More critically, carpal tunnel syndrome can cause permanent nerve damage if untreated. Tendinitis, while painful, rarely causes lasting impairment. The urgency and treatment pathway are fundamentally different.

I've seen patients spend months treating tendinitis while their carpal tunnel progressed to the point of requiring surgery — when earlier intervention with nerve-specific treatment might have avoided the scalpel. Conversely, I've seen nerve compression patients given only anti-inflammatory treatment for inflammation that was secondary to nerve damage.

Understanding the distinction helps you advocate for proper care, ask the right questions at medical appointments, and implement the correct self-management strategies. This guide gives you the knowledge to understand which condition you likely have and how to work with healthcare providers for accurate diagnosis.

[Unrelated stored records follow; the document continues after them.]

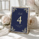 Navy Blue Gold Baroque Wedding Table Number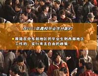 我们的记者从一场刚刚结束的大学生招聘会上了解到,有230多家用人单位提供了6000多个就业岗位,但是求职的学生却来了将近两万人,毕业生们感到了空前的就业压力。在沈阳,由于人数太多,求职者要分批进场,在广州,万人争抢千个职位。难道大学生的数量已经超过社会的需要了吗?我们来看两个数字,全国人口普查资料表明,目前全国平均每100个人当中才有不到4个大学生,这样的比例甚至低于印度等一些发展中国家,大学生不是多了,而是还很少,那么为什么毕业生感到工作那么难找呢?毕业生增多了30%,社会就接纳不了吗?就这个问题,我们采访到了北京市高校毕业生就业指导中心的任占忠主任。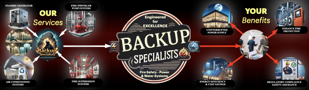 At BACKUP SPECIALISTS, we provide fire safety solutions, backup power, and climate control systems tailored to your needs. Our end-to-end services ensure compliance, reliability, and safety across all projects.

Understanding Carpal Tunnel Syndrome

Carpal tunnel syndrome is a nerve compression condition. The median nerve — one of the three major nerves supplying the hand — becomes pinched as it passes through the carpal tunnel, a narrow passage on the palm side of the wrist formed by wrist bones (carpals) and the transverse carpal ligament.

Anatomy of the Problem

The carpal tunnel is already tight by design. Nine tendons and the median nerve share this space. Any swelling, inflammation, or structural change narrows the tunnel further. When pressure builds inside the tunnel (typically above 10mmHg), the median nerve gets squeezed against the ligament roof.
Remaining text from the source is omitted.